* [Your task]: Everything from the line with "To celebrate the" to the last line of the listing must be retyped exactly, both ends included, with the pictures dropped.

* [Data supplied]:
= = = = = = =

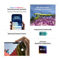 - SUPER-SMART A18 CHIP — A18 jumps two generations ahead of the A16 Bionic chip in iPhone 15. It enables Apple Intelligence, powers advanced photo and video features, and supports console-level gaming, with exceptional power efficiency.
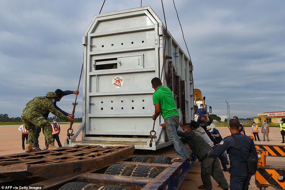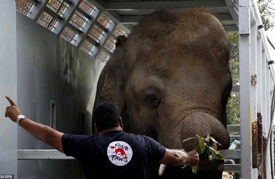 ▼專家和動物權利組織Four Paws的獸醫們準備了好幾個月,終於在11月29日開始移動作業。他們花費好幾個小時將Kaavan誘進一個10噸重的金屬製運輸箱中,然後將運輸箱送到機場。搭乘10個小時的飛機後,Kaavan抵達目的地。
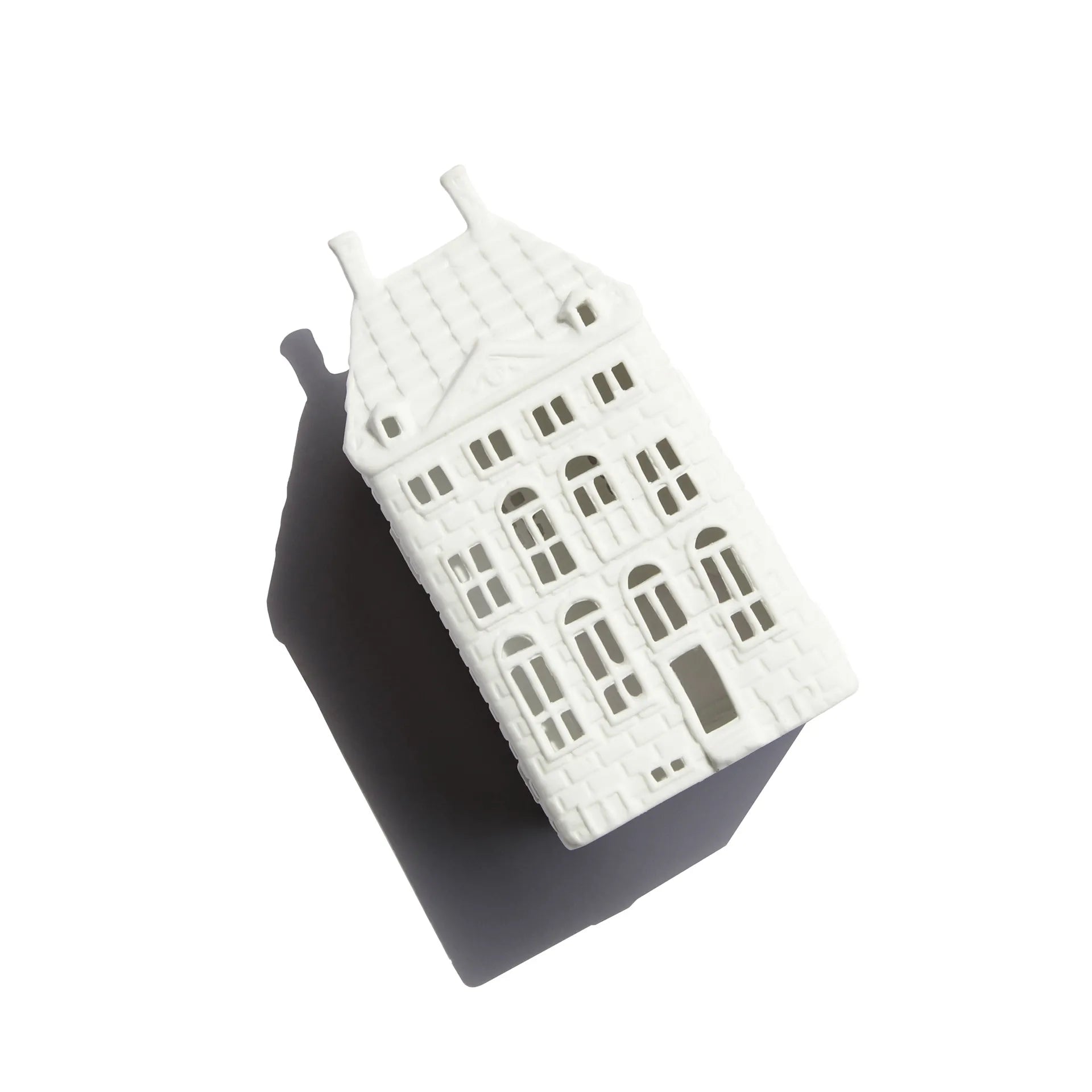 Each white ceramic Dutch house is a miniature homage to the enchanting canal homes of the Netherlands. Designed to radiate warmth and old-world charm when illuminated from within with a tea light candle.
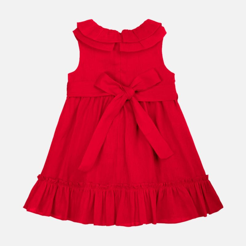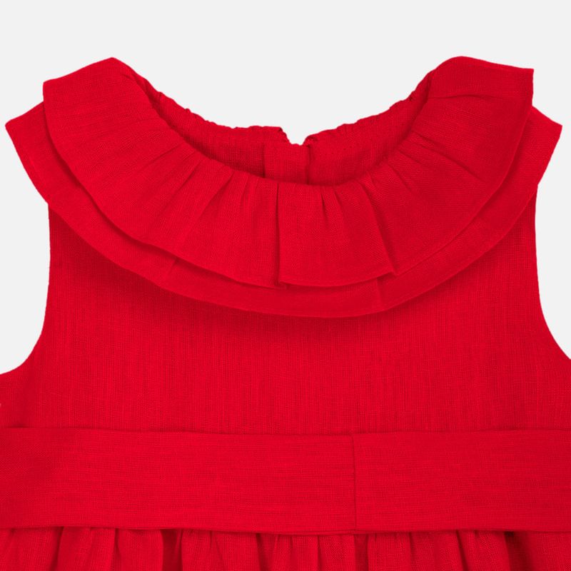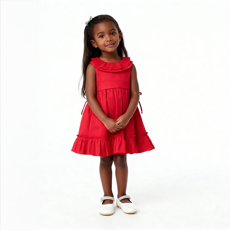 O modelo sem mangas possui gola dupla em babado delicado, que valoriza o acabamento artesanal da peça. A cintura marcada por faixa larga com amarração posterior em laço proporciona um ajuste gracioso, enquanto o barrado com babados franzidos traz movimento e charme extra ao visual.
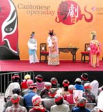 To celebrate the opera day, the Chinese Artists Association of Hong Kong performed two Cantonese operas while famous artists conducted a sing-along session. Other participants included students of the Hong Kong Academy for Performing Arts, numerous Cantonese Opera troupes and operatic organizations plus budding artists from 13 groups taking part in the District Cantonese Opera Parade.
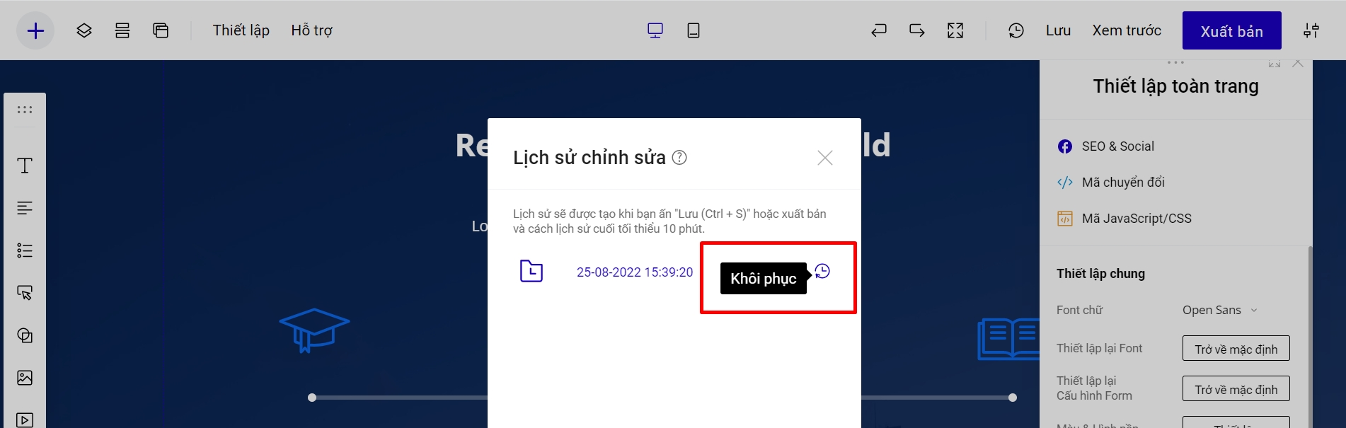 Bạn khôi phục lại bản landing page đã chỉnh sửa bằng cách sau:
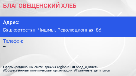 БЛАГОВЕЩЕНСКИЙ ХЛЕБ по адресу Башкортостан, Чишмы, Революционная, 86 в дальнейшем Организация, размещена в следующих категориях:
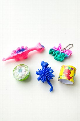 • Included are Dino-themed toys, stress balls, accessories, etc

= = = = = = =

* [Response area]:
 To celebrate the opera day, the Chinese Artists Association of Hong Kong performed two Cantonese operas while famous artists conducted a sing-along session. Other participants included students of the Hong Kong Academy for Performing Arts, numerous Cantonese Opera troupes and operatic organizations plus budding artists from 13 groups taking part in the District Cantonese Opera Parade.
 Bạn khôi phục lại bản landing page đã chỉnh sửa bằng cách sau:
 БЛАГОВЕЩЕНСКИЙ ХЛЕБ по адресу Башкортостан, Чишмы, Революционная, 86 в дальнейшем Организация, размещена в следующих категориях:
 • Included are Dino-themed toys, stress balls, accessories, etc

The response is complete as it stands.